My garden isn’t very big, but we do manage to grow quite a few vegetables each year. This year we have had potatoes (all eaten now), beans (all gone too), cabbages (still coming) as well as onions and courgettes. These change each year, but two things grow permanently in the garden, my vine and my fig-tree. The vine only produces good grapes once every few years- the last time I made some quite nice wine with it, but there is only one bottle left, which I’m saving for a special occasion. But this year the fig-tree has produced more fruit than ever before, and it’s been hard to know what to do with it all. Marilyn has made pies (we all like figgy pudding) and some rather good fig chutney.

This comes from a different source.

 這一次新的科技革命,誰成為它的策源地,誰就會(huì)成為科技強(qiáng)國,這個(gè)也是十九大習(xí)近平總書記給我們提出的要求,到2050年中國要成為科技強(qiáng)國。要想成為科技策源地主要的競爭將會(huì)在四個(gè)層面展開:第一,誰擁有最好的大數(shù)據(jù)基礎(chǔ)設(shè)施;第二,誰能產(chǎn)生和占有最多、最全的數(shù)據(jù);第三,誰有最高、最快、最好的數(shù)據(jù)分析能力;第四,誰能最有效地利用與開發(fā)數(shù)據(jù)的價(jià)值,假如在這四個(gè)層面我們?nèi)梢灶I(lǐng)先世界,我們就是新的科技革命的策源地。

Long, long ago, the Israelites, God’s People in the Bible, didn’t have gardens. They were shepherds, and because in the Holy Land grass is scarce, they had to keep moving on from hillside to hillside, as the sheep ate up the available grass. With that sort of life, they couldn’t have houses, only tents, to be packed up and re-pitched as they moved on. They weren’t popular with the local farmers in the valleys, either, who were glad to see them go. But one of the dreams the shepherds had (because they believed that God had promised them one day a settled home in the land), was to stop moving on, build a nice house, and plant a vine and a fig-tree. “Living under your vine and your fig-tree” was a sort of proverb for living a quiet and peaceful life. That is one reason why I planted a vine and a fig-tree in my garden.

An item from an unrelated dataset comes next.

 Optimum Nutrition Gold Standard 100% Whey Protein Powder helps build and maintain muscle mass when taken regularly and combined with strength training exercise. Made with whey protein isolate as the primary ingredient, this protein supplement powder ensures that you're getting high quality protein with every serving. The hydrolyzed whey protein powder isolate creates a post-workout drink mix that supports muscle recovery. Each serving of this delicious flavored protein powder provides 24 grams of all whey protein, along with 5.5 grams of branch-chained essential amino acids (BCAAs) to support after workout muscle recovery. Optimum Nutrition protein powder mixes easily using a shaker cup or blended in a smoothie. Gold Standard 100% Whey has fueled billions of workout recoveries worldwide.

Once the Israelites did settle, they gave thanks to God each year for the crops from their fields and fruit from their gardens at Harvest Festivals. But one of the things God told them to do, when they gave thanks, was to remember that they had once been homeless wanderers, and share their blessings with those in need. In later years, many of them (especially the rich and successful ones) came to forget that, and to be like the farmers, who in the early years had said, “Move on! Move on!” to their shepherd ancestors. In fact, God sent them away from their Land again, to teach them what it was to be homeless and exiled.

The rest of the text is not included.